SATA is for game computers and highend workstations. Use SCSI for
servers and hardware RAID not software RAID. IBM has 20KRPM SCSI drives now and with the Ultra160 wide channels, data flow just screams.
I don't quite agree. SATA is excellent and significantly more affordable than SCSI. I would not recommend normal PATA IDE for anything, SATA for almost everything, and SCSI only for very high-end situations where money is not a concern. For the vast majority of RAID scenarios I would recommend SATA.
I'm very wary of software RAID, although I have used it in a few scenarios and it does do the job. But if nothing else, its much easier on the linux side if its a hardware solution, as linux will just see it as a single disk.
4 drives with a RAID 5 over three drives with one hot-spare is a very efficient configuration.
Yes, it is. One thing to keep in mind is to make sure you have a good system set up to send you an alert when a drive fails, though. I had one RAID array that due to configuration errors was unable to get its alarm mail through when a drive failed. Eventually a second drive failed, at which point we noticed it. Personally I got for RAID-10, just to be on the safe side. Drives are so cheap these days that I prefer to pay a little extra and gain that little bit of extra safety...
> My own thoughts were to keep the root file system outside of the > RAID.
That is not necessary.

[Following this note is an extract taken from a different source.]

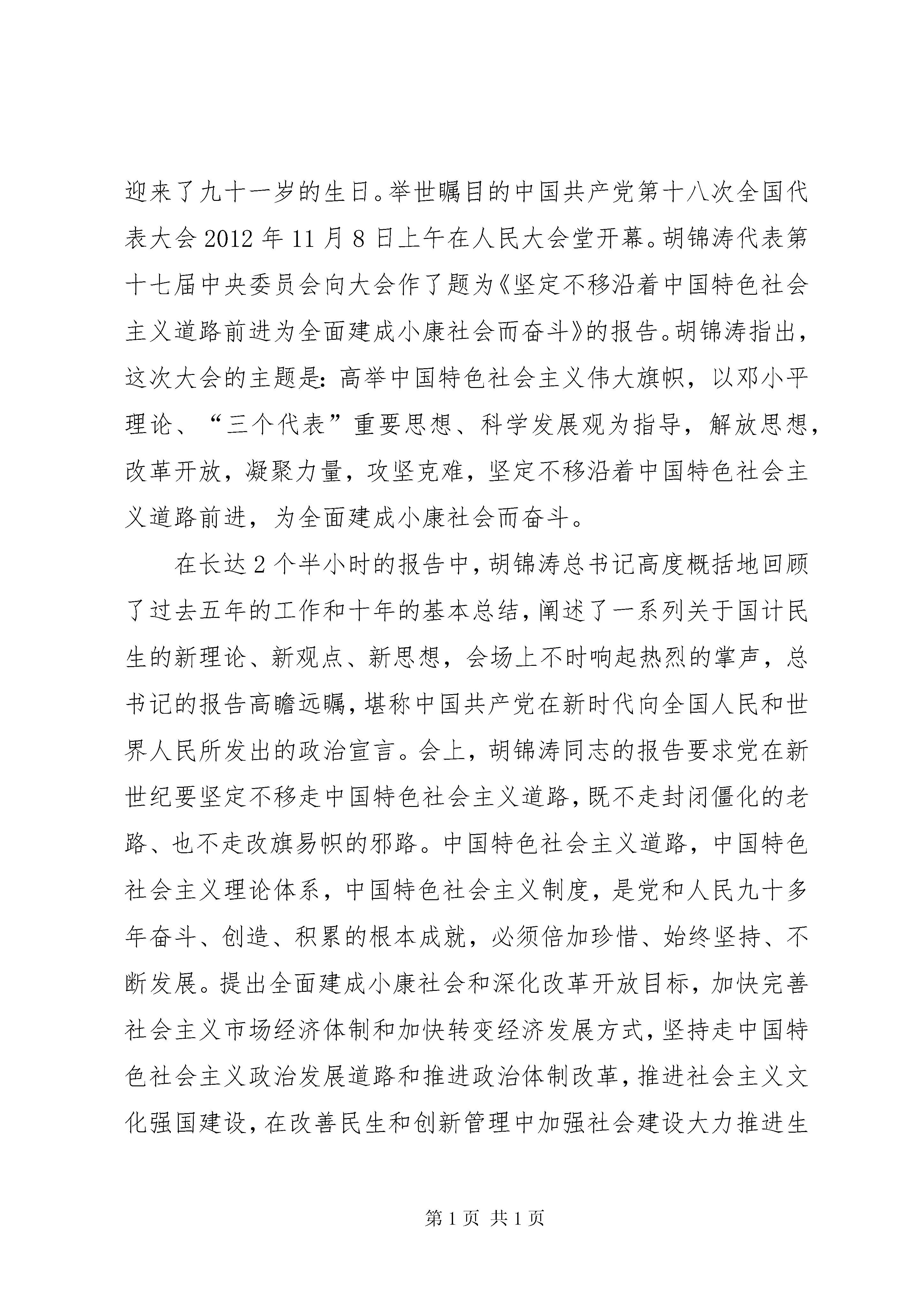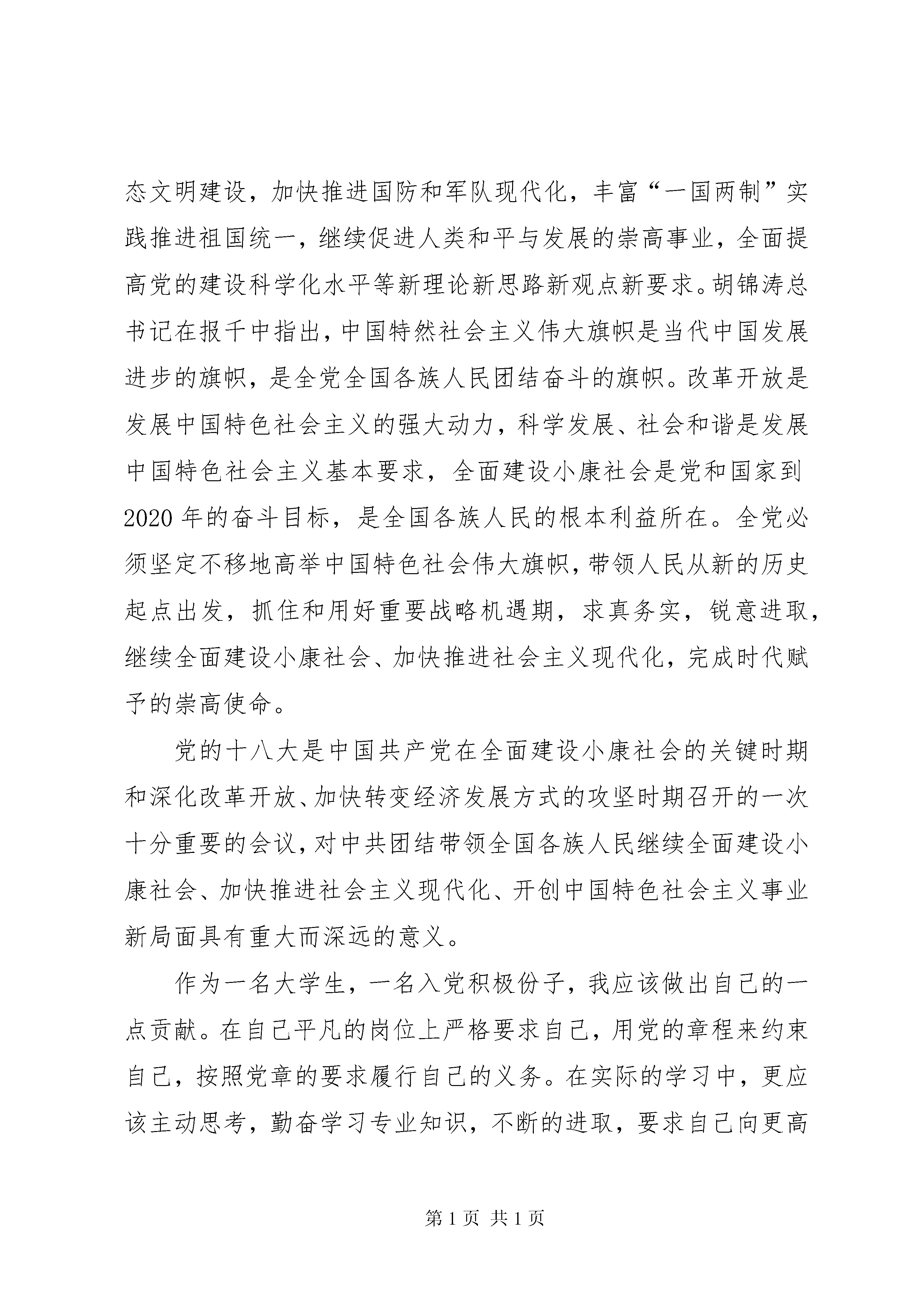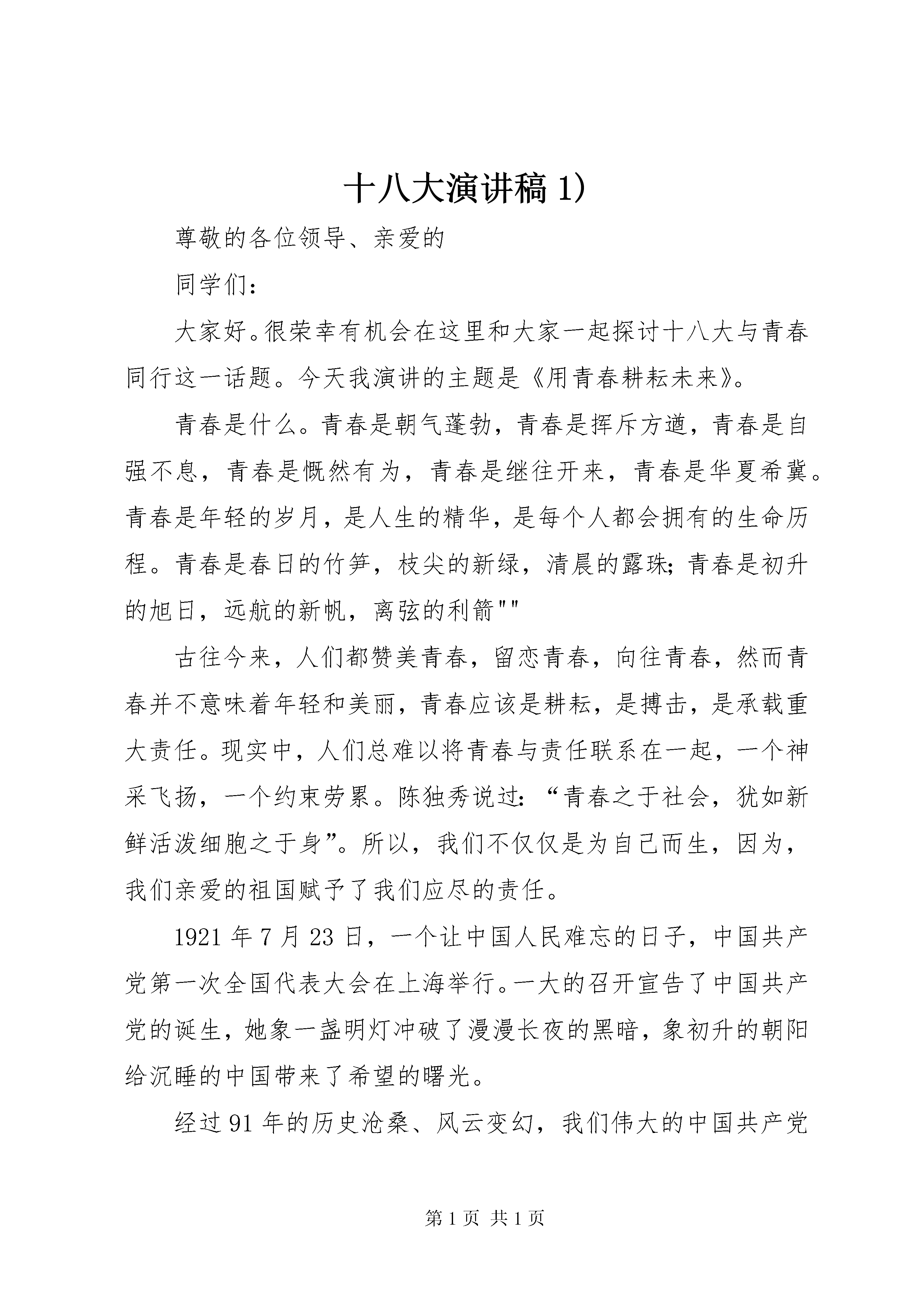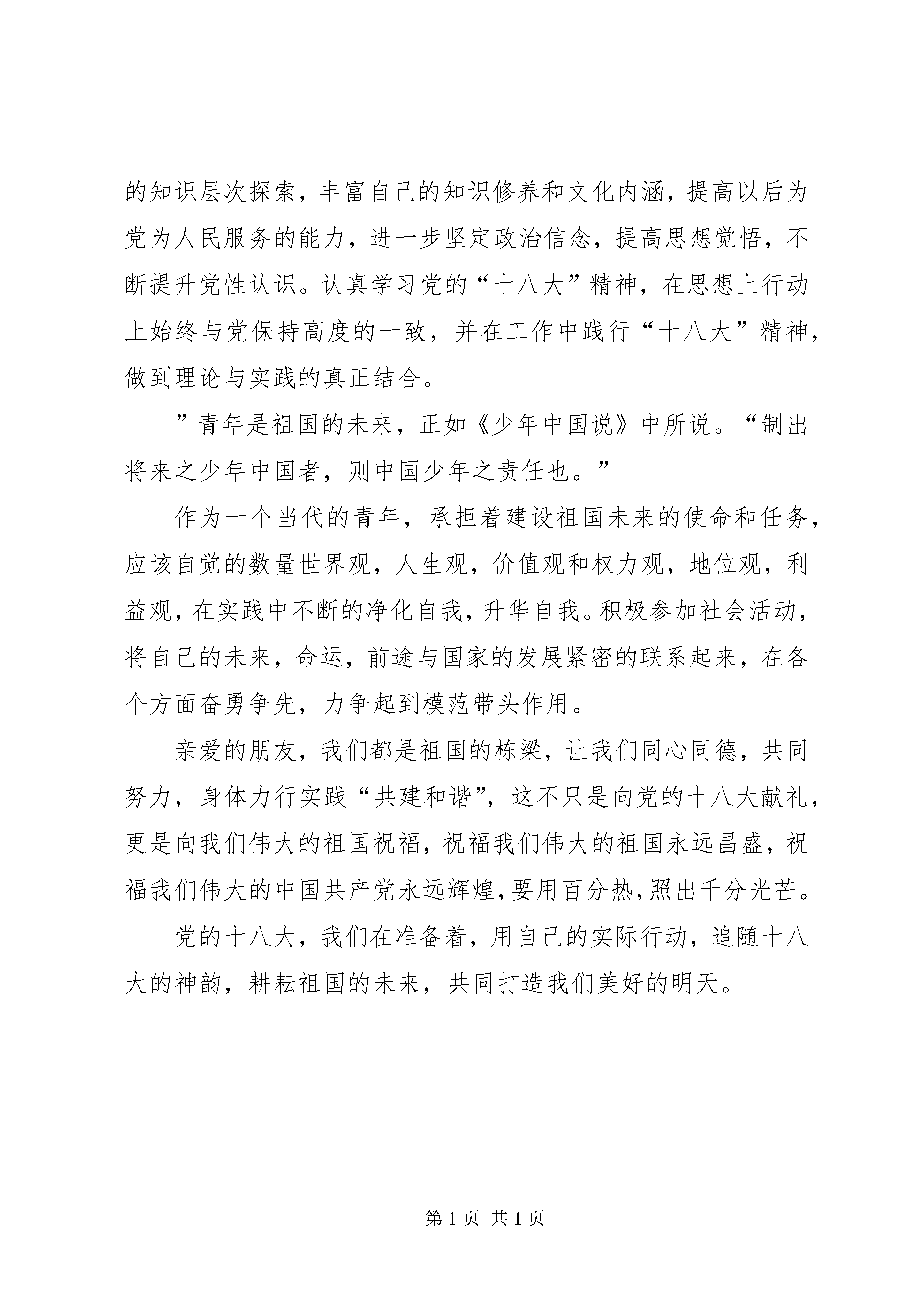 十八大演讲稿1)尊敬的各位领导、亲爱的同学们:大家好。很荣幸有机会在这里和大家一起探讨十八大与青春同行这一话题。今天我演讲的主题是《用青春耕耘未来》。青春是什么。青春是朝气蓬勃,青春是挥斥方遒,青春是自强不息,青春是慨然有为,青春是继往开来,青春是华夏希冀。青春是年轻的岁月,是人生的精华,是每个人都会拥有的生命历程。青春是春日的竹笋,枝尖的新绿,清晨的露珠;青春是初升的旭日,远航的新帆,离弦的利箭""古往今来,人们都赞美青春,留恋青春,向往青春,然而青春并不意味着年轻和美丽,青春应该是耕耘,是搏击,是承载重大责任。现实中,人们总难以将青春与责任联系在一起,一个神采飞扬,一个约束劳累。陈独秀说过:“青春之于社会,犹如新鲜活泼细胞之于身”。所以,我们不仅仅是为自己而生,因为,我们亲爱的祖国赋予了我们应尽的责任。1921年7月23日,一个让中国人民难忘的日子,中国共产党第一次全国代表大会在上海举行。一大的召开宣告了中国共产党的诞生,她象一盏明灯冲破了漫漫长夜的黑暗,象初升的朝阳给沉睡的中国带来了希望的曙光。经过91年的历史沧桑、风云变幻,我们伟大的中国共产党迎来了九十一岁的生日。举世瞩目的中国共产党第十八次全国代表大会2012年11月8日上午在人民大会堂开幕。胡锦涛代表第十七届中央委员会向大会作了题为《坚定不移沿着中国特色社会主义道路前进为全面建成小康社会而奋斗》的报告。胡锦涛指出,这次大会的主题是:高举中国特色社会主义伟大旗帜,以邓小平理论、“三个代表”重要思想、科学发展观为指导,解放思想,改革开放,凝聚力量,攻坚克难,坚定不移沿着中国特色社会主义道路前进,为全面建成小康社会而奋斗。在长达2个半小时的报告中,胡锦涛总书记高度概括地回顾了过去五年的工作和十年的基本总结,阐述了一系列关于国计民生的新理论、新观点、新思想,会场上不时响起热烈的掌声,总书记的报告高瞻远瞩,堪称中国共产党在新时代向全国人民和世界人民所发出的政治宣言。会上,胡锦涛同志的报告要求党在新世纪要坚定不移走中国特色社会主义道路,既不走封闭僵化的老路、也不走改旗易帜的邪路。中国特色社会主义道路,中国特色社会主义理论体系,中国特色社会主义制度,是党和人民九十多年奋斗、创造、积累的根本成就,必须倍加珍惜、始终坚持、不断发展。提出全面建成小康社会和深化改革开放目标,加快完善社会主义市场经济体制和加快转变经济发展方式,坚持走中国特色社会主义政治发展道路和推进政治体制改革,推进社会主义文化强国建设,在改善民生和创新管理中加强社会建设大力推进生态文明建设,加快推进国防和军队现代化,丰富“一国两制”实践推进祖国统一,继续促进人类和平与发展的崇高事业,全面提高党的建设科学化水平等新理论新思路新观点新要求。胡锦涛总书记在报千中指出,中国特然社会主义伟大旗帜是当代中国发展进步的旗帜,是全党全国各族人民团结奋斗的旗帜。改革开放是发展中国特色社会主义的强大动力,科学发展、社会和谐是发展中国特色社会主义基本要求,全面建设小康社会是党和国家到2020年的奋斗目标,是全国各族人民的根本利益所在。全党必须坚定不移地高举中国特色社会伟大旗帜,带领人民从新的历史起点出发,抓住和用好重要战略机遇期,求真务实,锐意进取,继续全面建设小康社会、加快推进社会主义现代化,完成时代赋予的崇高使命。党的十八大是中国共产党在全面建设小康社会的关键时期和深化改革开放、加快转变经济发展方式的攻坚时期召开的一次十分重要的会议,对中共团结带领全国各族人民继续全面建设小康社会、加快推进社会主义现代化、开创中国特色社会主义事业新局面具有重大而深远的意义。作为一名大学生,一名入党积极份子,我应该做出自己的一点贡献。在自己平凡的岗位上严格要求自己,用党的章程来约束自己,按照党章的要求履行自己的义务。在实际的学习中,更应该主动思考,勤奋学习专业知识,不断的进取,要求自己向更高的知识层次探索,丰富自己的知识修养和文化内涵,提高以后为党为人民服务的能力,进一步坚定政治信念,提高思想觉悟,不断提升党性认识。认真学习党的“十八大”精神,在思想上行动上始终与党保持高度的一致,并在工作中践行“十八大”精神,做到理论与实践的真正结合。”青年是祖国的未来,正如《少年中国说》中所说。“制出将来之少年中国者,则中国少年之责任也。”作为一个当代的青年,承担着建设祖国未来的使命和任务,应该自觉的数量世界观,人生观,价值观和权力观,地位观,利益观,在实践中不断的净化自我,升华自我。积极参加社会活动,将自己的未来,命运,前途与国家的发展紧密的联系起来,在各个方面奋勇争先,力争起到模范带头作用。亲爱的朋友,我们都是祖国的栋梁,让我们同心同德,共同努力,身体力行实践“共建和谐”,这不只是向党的十八大献礼,更是向我们伟大的祖国祝福,祝福我们伟大的

Your hardware RAID arrays will look like individual drives to your software, treat them as such when you partition
No it's not necessary. Personally however I do prefer to keep the OS on its own disk. This makes it so much easier to fix OS software problems. You can have an extra copy of the OS disk ready, so that in case of software failure you can swap the backup right in and be up and running in minutes instead of having to go through some rather more complicated process of restoring an OS to an existing RAID array.
It also makes patches/upgrades much easier, as you can apply them to the backup disk, swap, and see if everything is OK, and just swap back if not.
It's all just one step more complicated if the OS is on the RAID array.
Why not. If your hard drive with SWAP on it goes down, wouldn't you like it to be as safe as the rest of the server?
I keep swap, along with everything else OS-related, on the OS disk. The RAID array I use just for data.
All in all, it's a matter of preference and depends on how you set up your own systems, I wouldnt say there is any one correct answer.
Test it!: load up an OS, copy some large pictures to it, large
documents, and some third party software or something you can test. Pull out a drive, test the pics, docs, and software to make sure they will work while the drive is off-line, while the drive is being rebuilt and once the system if finished rebuilding. Test as much as you can with your new RAID before you trust it to a live, production server. If you insist on playing about with a SW-RAID, break it and make sure you can reboot LOL.
I cant agree more. After you install a RAID, TEST it every way you can. It's a nightmare situation if you realize youve lost all your data because of some misconfiguration or because something didnt work the way you thought it was supposed to.